Le PJD met la pression et suggère la possibilité de fraudes massives, au cas où…
Le scrutin n’a pas encore eu lieu que déjà les chefs du PJD agitent l’épouvantail de la fraude électorale, qu’ils imputent aux agents d’autorité. L’acte est symbolique puisque la charge vient des deux premiers sur la liste du PJD à Rabat, et qui sont par ailleurs secrétaire général-adjoint du PJD Slimane Elomrani et maire de la capitale, Mohamed Sadiki.
Ils en appellent au président de la Commission de suivi des élections pour l’enjoindre à « faire cesser les agissements des agents d’autorité qui, dans tous les arrondissements de Rabat, font campagne en faveur du PAM, mettant à mal le devoir de neutralité qui est le leur en pareilles circonstances ». Pas de preuve, même si l’accusation est grave.
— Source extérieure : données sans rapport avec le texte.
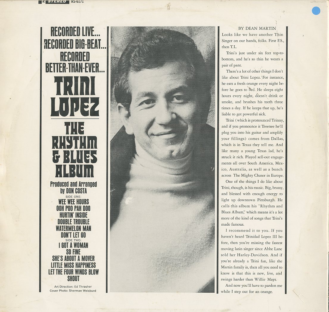 Discographie von Trini Lopez![]() Reprise RS 6171 Trini Lopez The Rhythm & Blues Album Eintrag bei DISCOGS (extern) D 1965, LP, Easy Listening Aufnahme: Stereo Zustand: vg / vg++ u.a. Ooh Poo Pah Doo, Watrermelon Man, So Fine, Shout Preis in Euro: 4,00 € Verfügbarkeitsanfrage | ![]() Coveransicht: Trini Lopez - The Rhythm & Blues Album ![]()
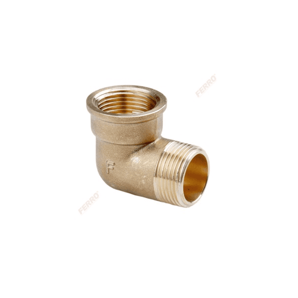 The Ferro 3/4" M–F Brass Elbow is a durable 90° plumbing connector designed to provide a secure transition between male and female threaded connections. Made from high-quality nickel-plated brass, it offers superior corrosion resistance and long-term reliability in hot and cold-water systems, heating installations, and general plumbing applications.

Puis, bien évidemment, ils dénoncent « la non-obéissance aux directives royales ».
Les deux candidats expliquent que lesdits agents d’autorité ont recours aux menaces et aux intimidations dans les bidonvilles, « exhortant les populations de ces cités à voter PAM sous peine de ne pas bénéficier des programmes de recasement, alors même qu’on ferme les yeux sur la construction d’étages non réglementaires ». Elomrani et Sadiki disent que ces agents de l’Intérieur ont été enregistrés, mais ils se gardent bien d’apporter la preuve matérielle de leurs enregistrements.
On ne prête qu’aux riches, certes, et l’Intérieur a une longue histoire d’intimidation électorale. Ce discours prend très vite auprès des populations, mais cette année, le ministre de la Justice copréside la Commission de suivi des élections, mais rien n‘a été signalé par cette instance.
Que veulent dire ces comportements ? Tout simplement que le PJD s’apprête à contester la régularité de l’élection s’il venait à ne pas être en première position à l’issue du scrutin. Dans le cas contraire, il se taira. Cela augure de jours sombres pour la démocratie dans ce pays, bien que depuis 2002, et de l’aveu même d’Abdelilah Benkirane, la régularité des élections n’est plus remise en cause par personne.